-- Try it --
Lines from the one with "新良黑全麦粉60g 黑芝麻10g 花生50g 白砂糖20g 开水(牛奶)250g" through the end of the records, and no others, are what the answer should contain, copied exactly; please keep pictures out.

[Data supplied Boundary: Start]

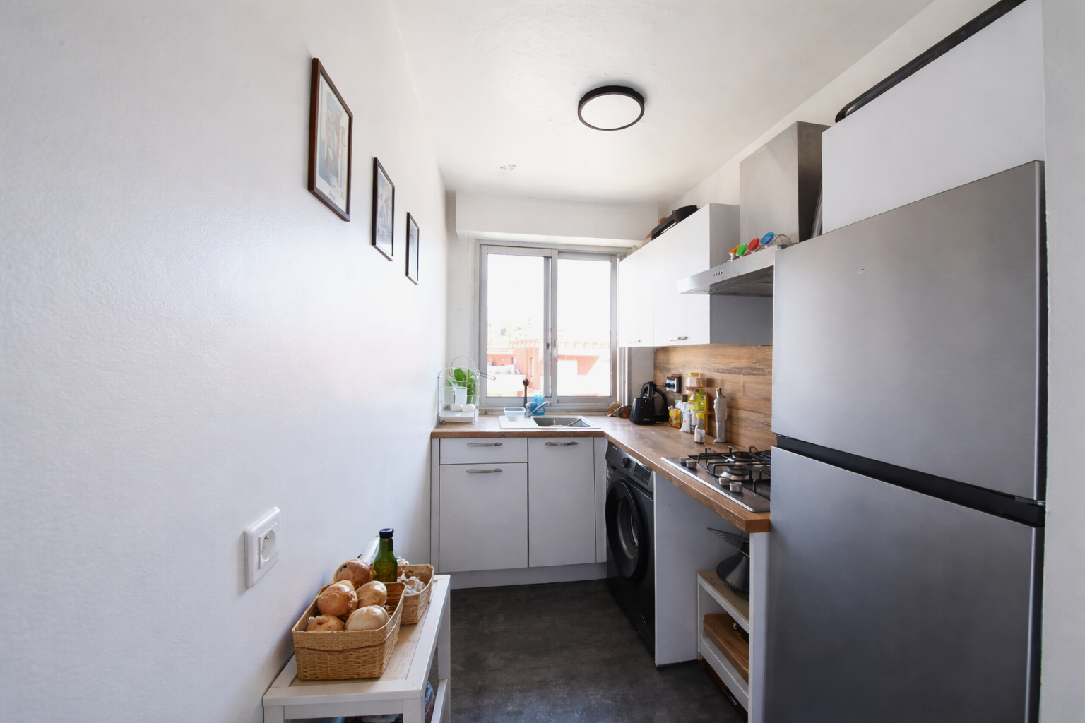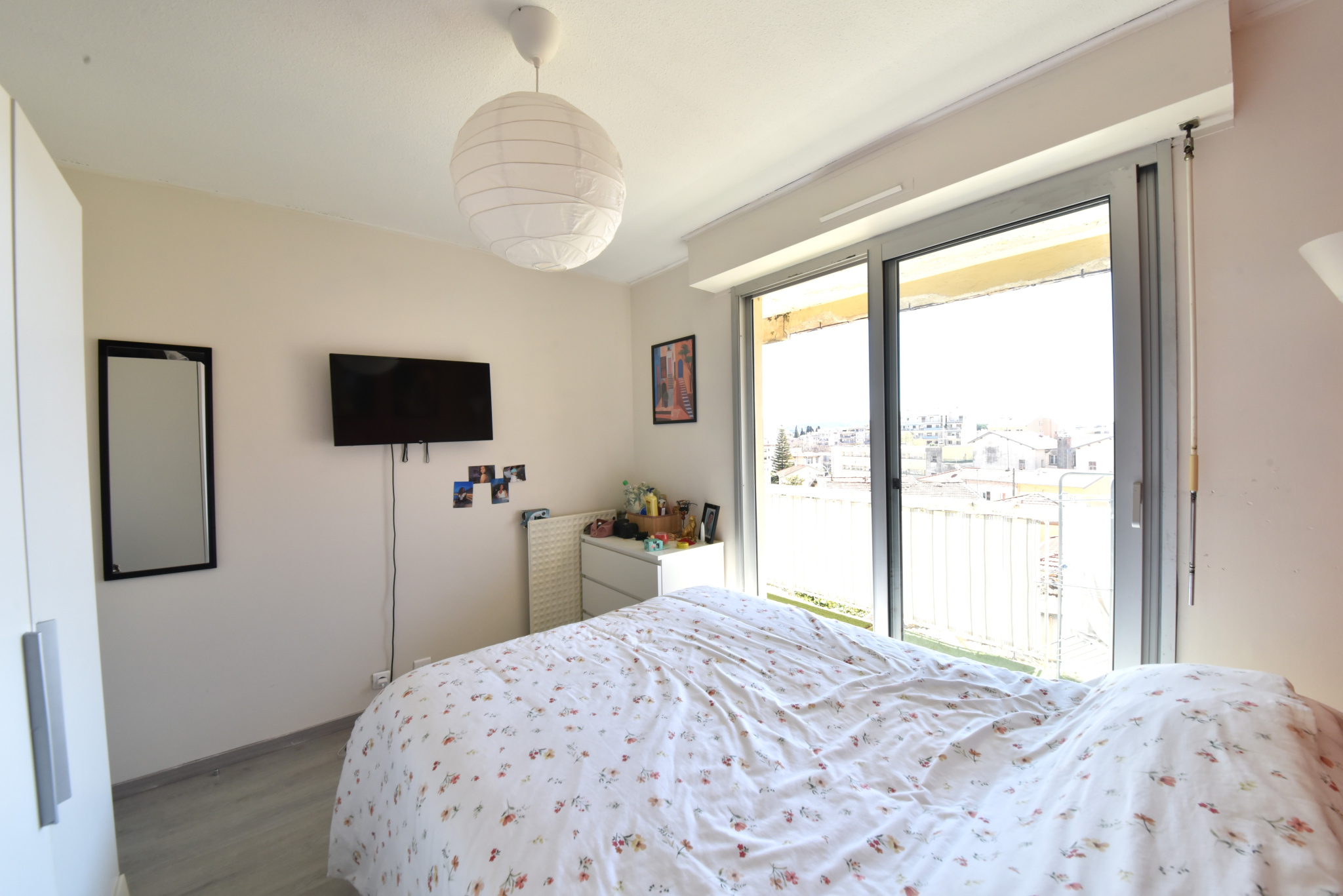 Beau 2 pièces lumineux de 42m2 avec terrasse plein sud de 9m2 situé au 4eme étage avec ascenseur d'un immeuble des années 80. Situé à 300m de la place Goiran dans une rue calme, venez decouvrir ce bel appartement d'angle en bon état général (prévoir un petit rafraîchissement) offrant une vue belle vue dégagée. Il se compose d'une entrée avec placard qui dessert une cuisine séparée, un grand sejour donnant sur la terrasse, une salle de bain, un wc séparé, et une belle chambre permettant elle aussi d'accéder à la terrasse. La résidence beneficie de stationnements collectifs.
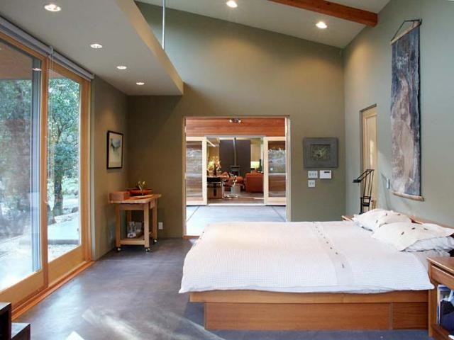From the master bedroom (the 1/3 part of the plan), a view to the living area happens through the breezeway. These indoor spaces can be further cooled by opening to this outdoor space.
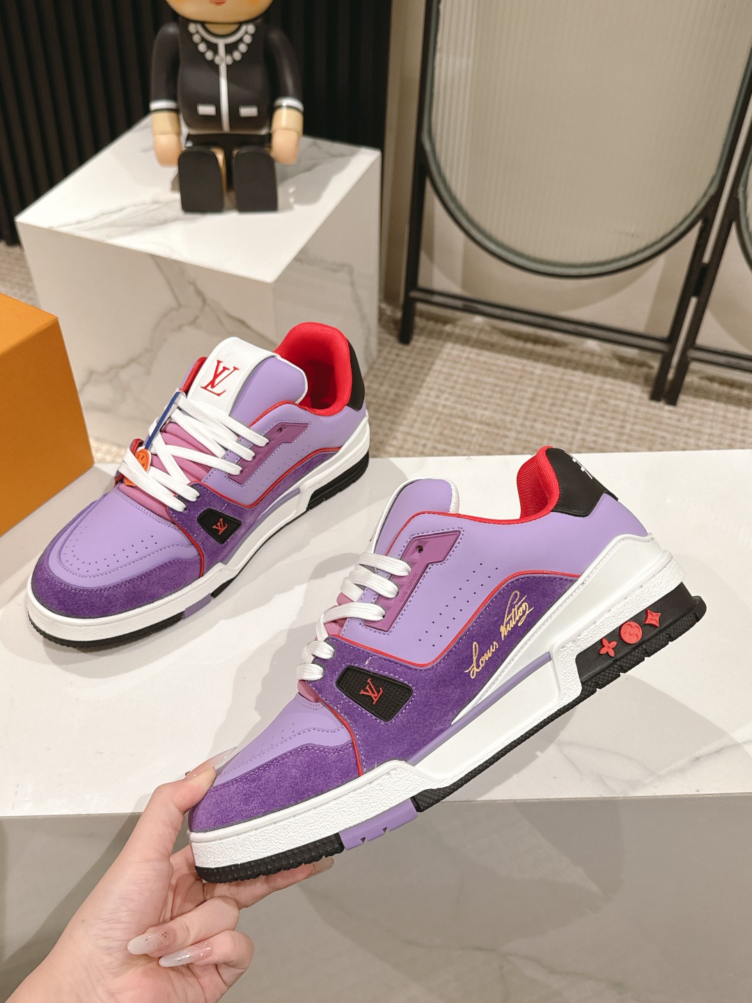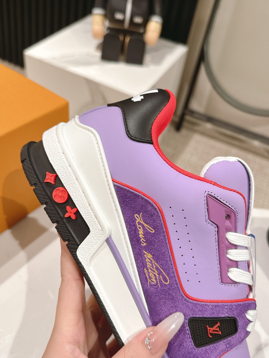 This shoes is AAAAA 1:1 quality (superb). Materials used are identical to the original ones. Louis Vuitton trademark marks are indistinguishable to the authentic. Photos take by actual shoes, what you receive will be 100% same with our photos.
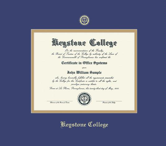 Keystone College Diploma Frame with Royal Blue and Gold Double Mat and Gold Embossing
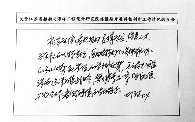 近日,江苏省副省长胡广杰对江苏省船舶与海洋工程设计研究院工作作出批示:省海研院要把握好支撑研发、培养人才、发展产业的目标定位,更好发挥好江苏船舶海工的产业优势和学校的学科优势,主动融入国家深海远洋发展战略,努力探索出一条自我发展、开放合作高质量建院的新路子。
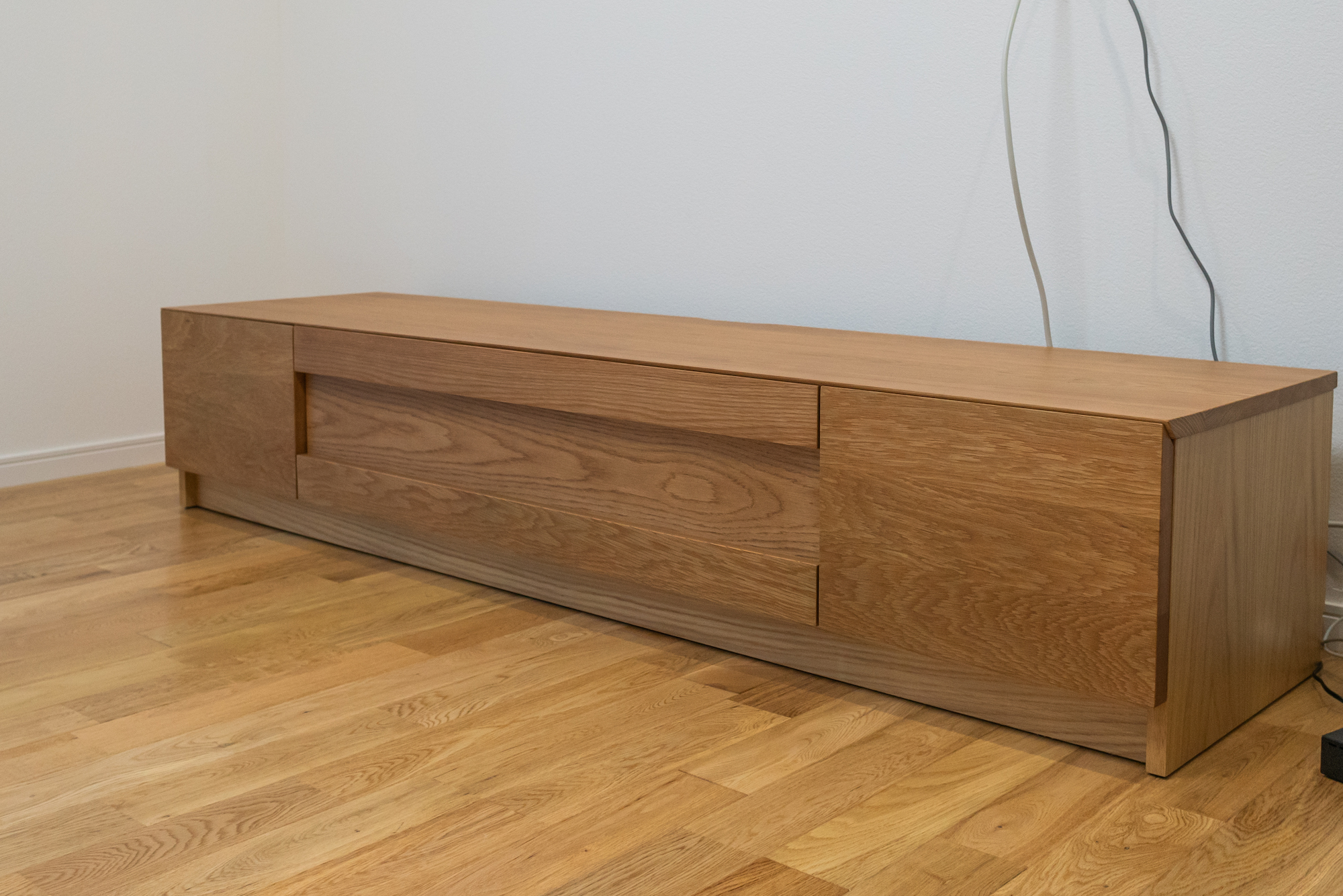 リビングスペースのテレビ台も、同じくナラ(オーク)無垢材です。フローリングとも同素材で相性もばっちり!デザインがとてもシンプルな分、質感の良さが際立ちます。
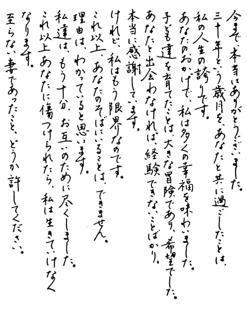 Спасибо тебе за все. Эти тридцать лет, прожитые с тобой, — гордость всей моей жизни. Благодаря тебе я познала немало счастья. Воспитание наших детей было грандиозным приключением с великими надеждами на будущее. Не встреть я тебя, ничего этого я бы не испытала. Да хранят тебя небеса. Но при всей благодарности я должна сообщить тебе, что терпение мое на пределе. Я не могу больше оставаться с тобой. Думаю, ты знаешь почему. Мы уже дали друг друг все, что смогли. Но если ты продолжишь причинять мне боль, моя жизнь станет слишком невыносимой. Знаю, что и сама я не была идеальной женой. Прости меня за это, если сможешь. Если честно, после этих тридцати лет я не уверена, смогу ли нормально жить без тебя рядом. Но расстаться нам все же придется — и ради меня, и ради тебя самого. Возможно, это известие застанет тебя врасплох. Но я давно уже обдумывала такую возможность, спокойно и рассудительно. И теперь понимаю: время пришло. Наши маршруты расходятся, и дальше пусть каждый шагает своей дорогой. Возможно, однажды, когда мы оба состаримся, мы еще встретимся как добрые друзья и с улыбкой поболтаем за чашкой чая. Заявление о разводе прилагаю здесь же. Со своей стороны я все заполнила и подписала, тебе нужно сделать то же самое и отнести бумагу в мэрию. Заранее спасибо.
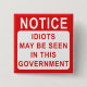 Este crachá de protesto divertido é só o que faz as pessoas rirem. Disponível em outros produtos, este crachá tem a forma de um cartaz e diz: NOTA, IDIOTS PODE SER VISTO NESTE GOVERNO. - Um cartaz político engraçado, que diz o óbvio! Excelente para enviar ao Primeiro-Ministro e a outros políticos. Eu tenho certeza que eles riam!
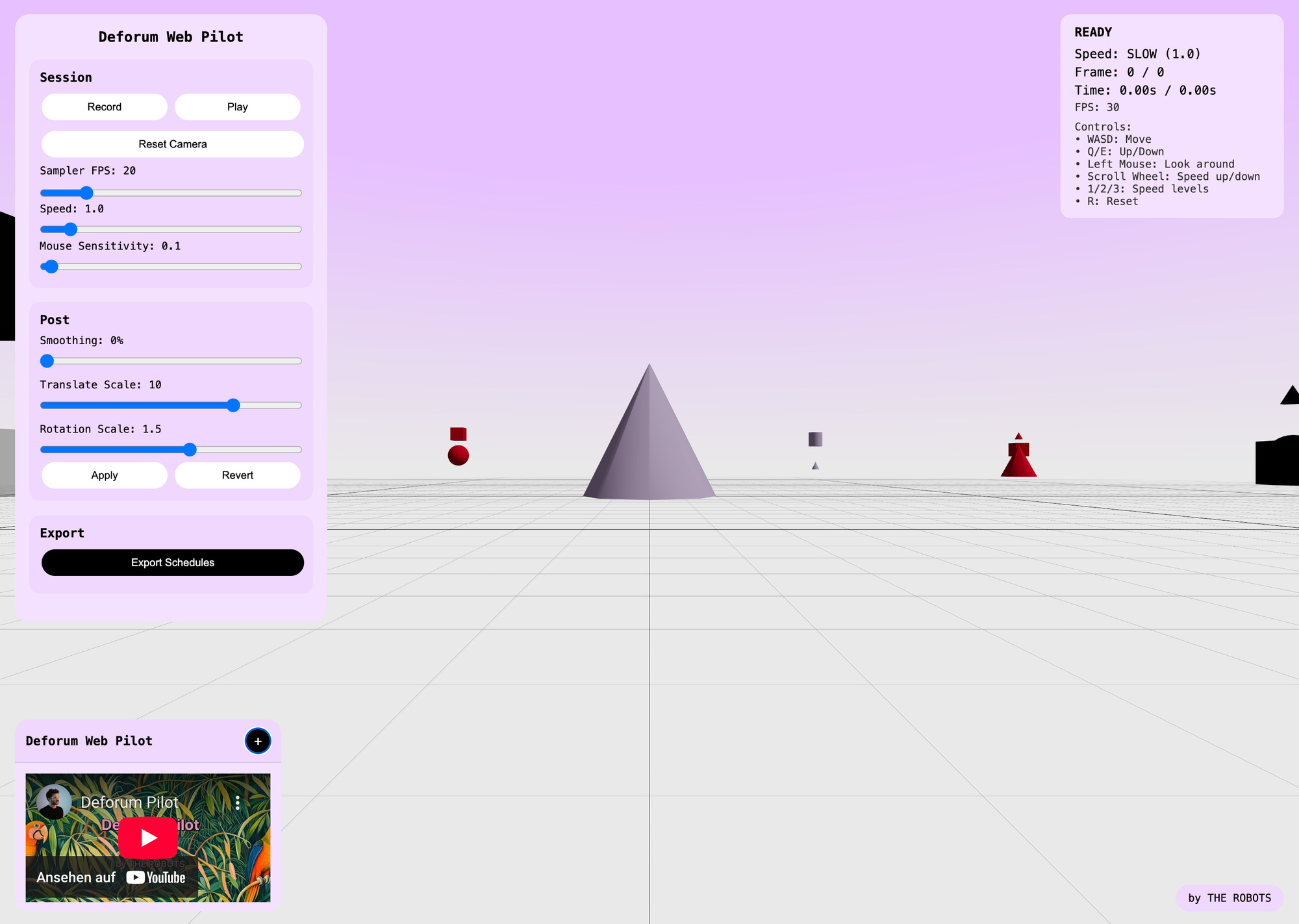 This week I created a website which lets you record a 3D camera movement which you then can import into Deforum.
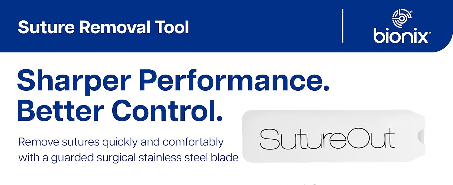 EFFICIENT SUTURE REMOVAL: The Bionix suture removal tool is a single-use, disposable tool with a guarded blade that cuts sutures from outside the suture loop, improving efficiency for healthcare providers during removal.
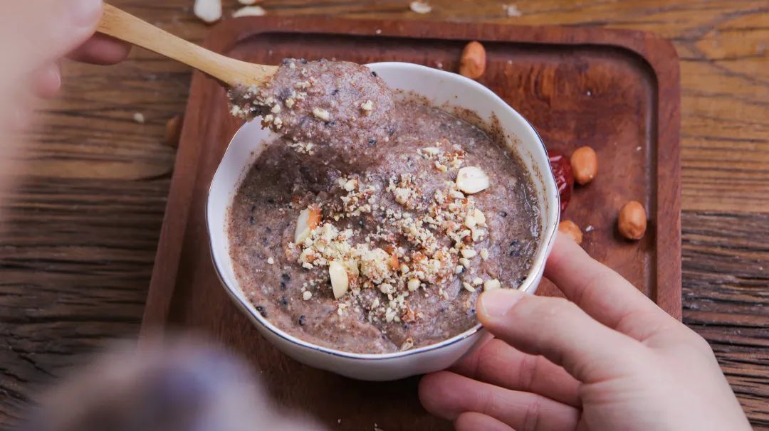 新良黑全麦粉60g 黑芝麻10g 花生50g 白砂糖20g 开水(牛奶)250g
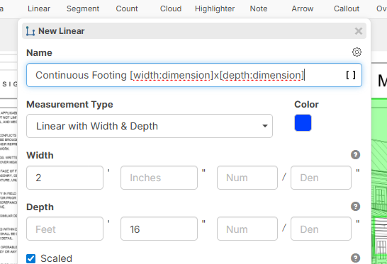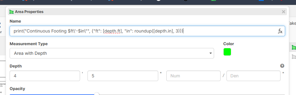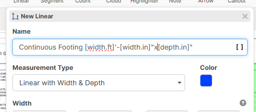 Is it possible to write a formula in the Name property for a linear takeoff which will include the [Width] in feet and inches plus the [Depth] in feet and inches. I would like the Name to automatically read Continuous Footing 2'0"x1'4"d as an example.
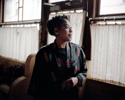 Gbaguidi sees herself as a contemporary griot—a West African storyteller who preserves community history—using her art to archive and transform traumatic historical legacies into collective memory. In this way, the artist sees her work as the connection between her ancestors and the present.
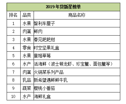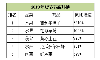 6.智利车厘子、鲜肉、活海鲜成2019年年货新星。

[Data supplied Boundary: End]

-- Answer to this task --
 新良黑全麦粉60g 黑芝麻10g 花生50g 白砂糖20g 开水(牛奶)250g
 Is it possible to write a formula in the Name property for a linear takeoff which will include the [Width] in feet and inches plus the [Depth] in feet and inches. I would like the Name to automatically read Continuous Footing 2'0"x1'4"d as an example.
 Gbaguidi sees herself as a contemporary griot—a West African storyteller who preserves community history—using her art to archive and transform traumatic historical legacies into collective memory. In this way, the artist sees her work as the connection between her ancestors and the present.
 6.智利车厘子、鲜肉、活海鲜成2019年年货新星。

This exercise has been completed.